Donor T Cell Repertoire Profiling in Recipient Lymphoid and Parenchyma Organs Reveals GVHD pathogenesis at Clonal Levels after Bone Marrow Transplantation in mice

The success of allogeneic hematopoietic cell transplantation (allo-HCT) is undermined by the development of graft-versus-host disease (GVHD). Using next-generation sequencing of TCRbeta chain locus, we defined the feature of T-cell repertoires in mice after syngeneic or allogeneic bone marrow transplantation. We extensively studied post-transplant T-cell repertoire in multiple lymphoid and non-lymphoid GVHD target organs, including peripheral blood, spleen, peripheral lymph nodes, mesenteric lymph nodes, liver, lungs, gut and skin. Our study provides a spectrum analysis of T-cell repertoire recovery across broad tissue sites. We examined the potential of blood sample as tool to predict the dominant clones in GVHD target organs and detection of de novo generated top clones from pre-transplant donor T cells. Our study highlights the importance of T-cell repertoire profiling in understanding the biology of allogeneic T-cell response and immune repertoire sequencing-based methods may represent a novel personalized strategy to guide diagnosis and therapy in GVHD.

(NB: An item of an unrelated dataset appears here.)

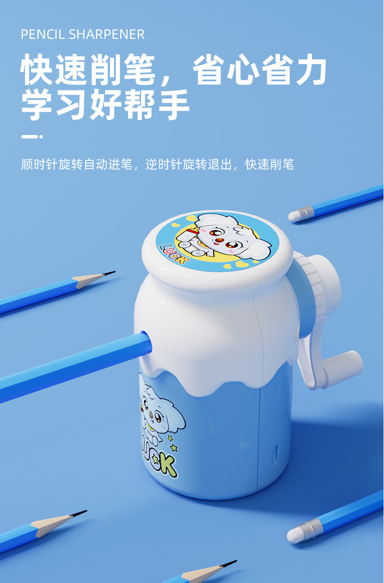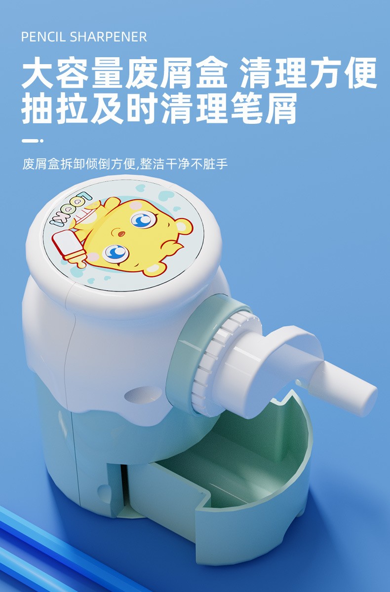 Cuchillo de acero de aleación núcleo Sacapuntas de lápiz de mano de dibujos animados Sacapuntas de lápiz de comercio electrónico de drenaje Sacapuntas de lápiz niños clásicos sacapuntas
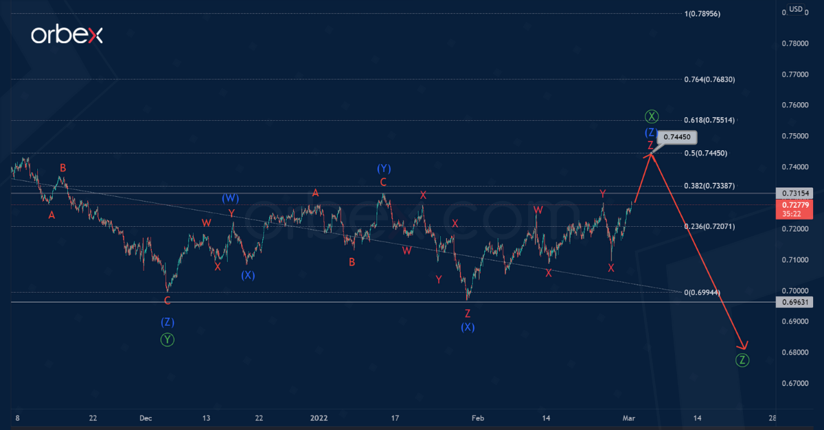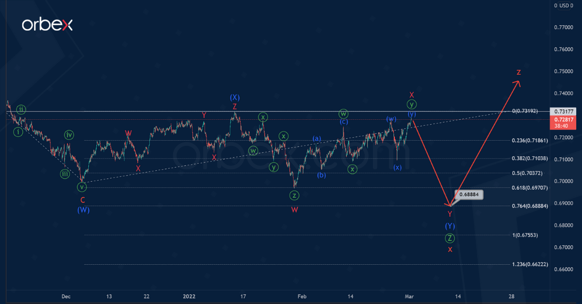 AUDUSD seems to be forming a bearish triple Ⓦ-Ⓧ-Ⓨ-Ⓧ-Ⓩ zigzag.

异基因造血细胞移植（allogeneic hematopoietic cell transplantation, 简称allo-HCT）的临床疗效会因移植物抗宿主病（graft-versus-host disease, 简称GVHD）的发生而受到显著削弱。本研究通过对T细胞受体β链基因座（TCRβ chain locus）开展下一代测序（next-generation sequencing），明确了同基因或异基因骨髓移植后小鼠体内的T细胞受体库特征。我们全面分析了移植后多个GVHD靶器官——包括外周血、脾脏、外周淋巴结、肠系膜淋巴结、肝脏、肺脏、肠道与皮肤——内的淋巴与非淋巴组织中的T细胞受体库动态变化。本研究对跨广泛组织位点的T细胞受体库重建过程开展了全景分析。我们评估了外周血样本作为预测GVHD靶器官优势克隆、以及检测移植前供者T细胞新生产生的优势克隆的工具的潜力。本研究强调了T细胞受体库谱分析在解析异基因T细胞应答生物学机制中的重要意义，基于免疫受体库测序的技术方法有望成为指导GVHD诊断与治疗的新型个性化策略。